When I spoke with Dr. Jeffrey Dello Russo, a New York–based eye surgeon and one of the first in the Northeast to use AI-assisted LASIK, he emphasized that this isn’t a technology experiment. His father, Dr. Joseph Dello Russo, was one of the first eye surgeons in the United States to perform LASIK, helping to bring the technology into everyday clinical use. The younger Dello Russo now applies data and computational precision to planning and execution to improve surgical accuracy.
Traditional LASIK relies on surface measurements, manual adjustments and standard vision data to design a treatment plan. While that works for many patients, it doesn’t fully account for the unique characteristics of each eye. The Wavelight Plus system uses advanced ray tracing and 3-D diagnostic imaging to capture millions of precise data points, creating a detailed digital model of the eye known as a “digital eyevatar,” a complete virtual representation that forms the basis for individualized treatment.
The eyevatar acts as a virtual testing ground where AI runs thousands of potential correction scenarios. It maps how light moves through each layer of the eye and predicts how the cornea will respond to different laser adjustments. Based on those simulations, the system identifies the treatment path most likely to deliver the best result with the least structural impact. The surgeon reviews those recommendations, confirms the plan and then performs the procedure with data-supported confidence. This modeling approach replaces reactive correction with predictive planning, leading to more consistent accuracy and a closer match between projected and actual outcomes.
“Every eye reacts differently, and now we can test those differences before we ever start the procedure,” Dello Russo explained. “It gives us a level of foresight that simply didn’t exist before.” The concept mirrors how precision modeling enhances outcomes in fields like aerospace engineering and semiconductor design, applying it to the complexity of human vision.
The value of AI in this setting comes from synthesis rather than autonomy. Earlier LASIK systems could capture large amounts of data but left interpretation entirely to the surgeon. Now, analytics serve as an intelligent partner, pulling together information from imaging systems, patient prescriptions, corneal tissue profiles and previous case outcomes. The system combines those inputs to create a predictive model of how a particular eye is likely to respond, before a single pulse of the laser occurs. “It allows me to see the outcome before I begin,” Dello Russo explained. “The data gives me a roadmap tailored to that patient, not an average of others.” This enables a process based more on probability than pattern recognition.
And the results? Procedures are more consistent, with fewer follow-up corrections and shorter recovery times, Dello Russo said. That improvement lowers both clinical and financial risk by lowering the likelihood of costly follow-up procedures, refunds and additional chair time. “Every time we treat a patient, the system gets smarter,” Dello Russo said. “We learn from each result, and that knowledge raises the baseline for everyone who comes next.” Over time, the efficiency of both planning and execution improves as the system refines itself using new data.

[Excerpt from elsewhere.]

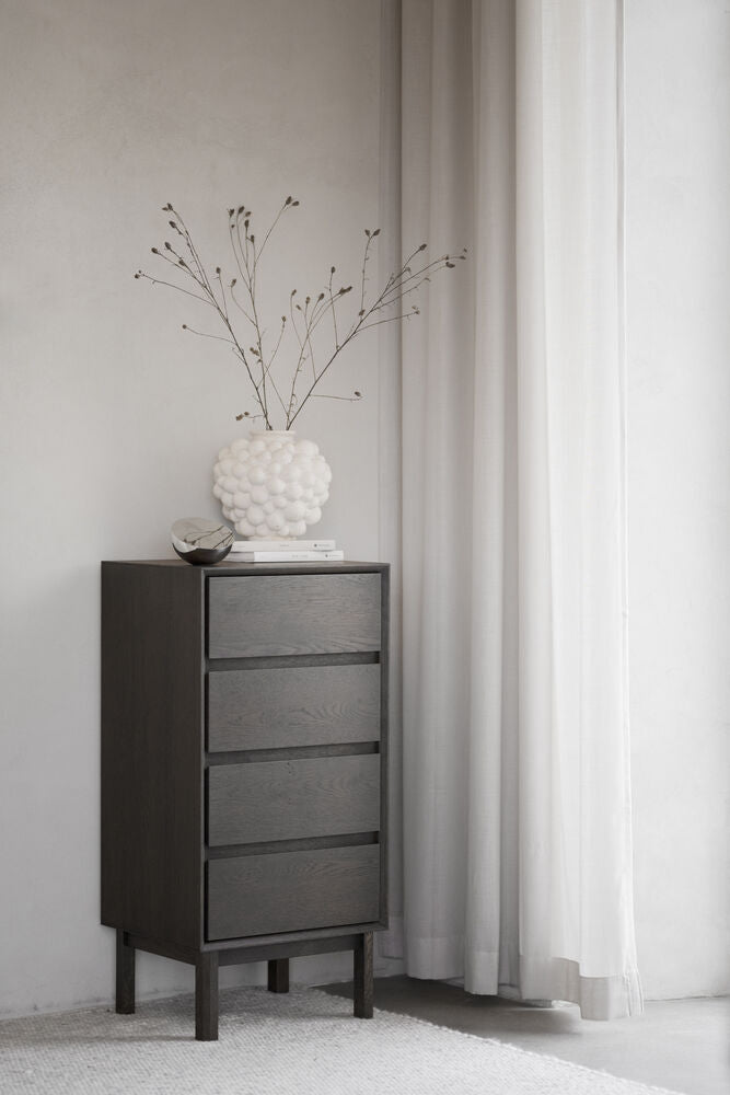 Byrån Mackay i brun vildek med 4 lådor är ett gediget hantverk med girade hörn och en inramning runt lådorna som skapar ett djup och ett härligt skuggspel på möbeln. Byrån har en klassisk design med sina raka linjer, vilket gör den hållbar över tid. Passar lika bra i hallen som i sovrummet. Vildeken som byrån är tillverkad i bidrar till en intressant karaktär i möbelns yta. Mackay finns i tre olika storlekar. Trät i byrån är FSC®-certifierat och finns i alternativen oljad vildek och brunojad vildek.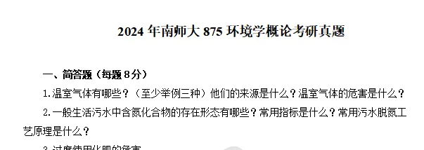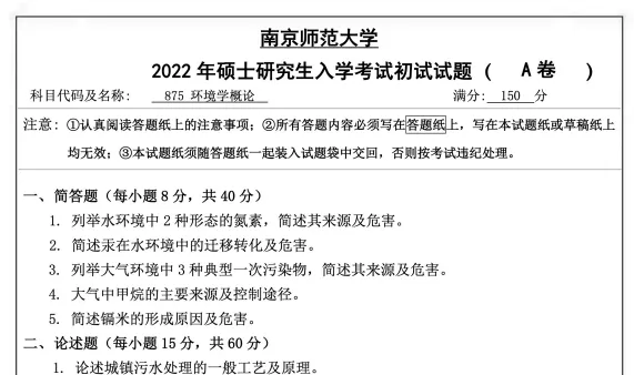 2024年南京师范大学875环境学概论考研真题(回忆版)

There are still challenges to overcome. AI-assisted workflows depend on high-quality, high-volume data and the precise calibration of every instrument involved. Practices need updated diagnostic equipment, software that integrates across devices and surgeons trained to interpret and validate algorithmic recommendations. Early adopters like Dello Russo absorb those costs up front, confident that stronger outcomes and sustained differentiation of their practices will pay back the initial investment.
Results from Alcon’s clinical studies and everyday use show the measurable impact of a data-driven approach. A whopping 98% of patients treated with AI-assisted LASIK achieve 20/20 vision or better, and nearly 89% reach 20/16 or even 20/12.5. Dello Russo’s practice, which has completed more than 250 procedures using the Alcon platform, mirror those results. The technology has also reduced common optical side effects such as glare, halos and ghosting that were more frequent with earlier LASIK systems.
AI-assisted LASIK also allows doctors to treat patients who were previously not considered good candidates for the procedure. Traditional screening criteria tended to be conservative, often excluding individuals with thinner corneas, irregular eye shapes or higher levels of astigmatism due to the increased risk of complications. The ability to model and simulate outcomes using precise optical data has changed that approach.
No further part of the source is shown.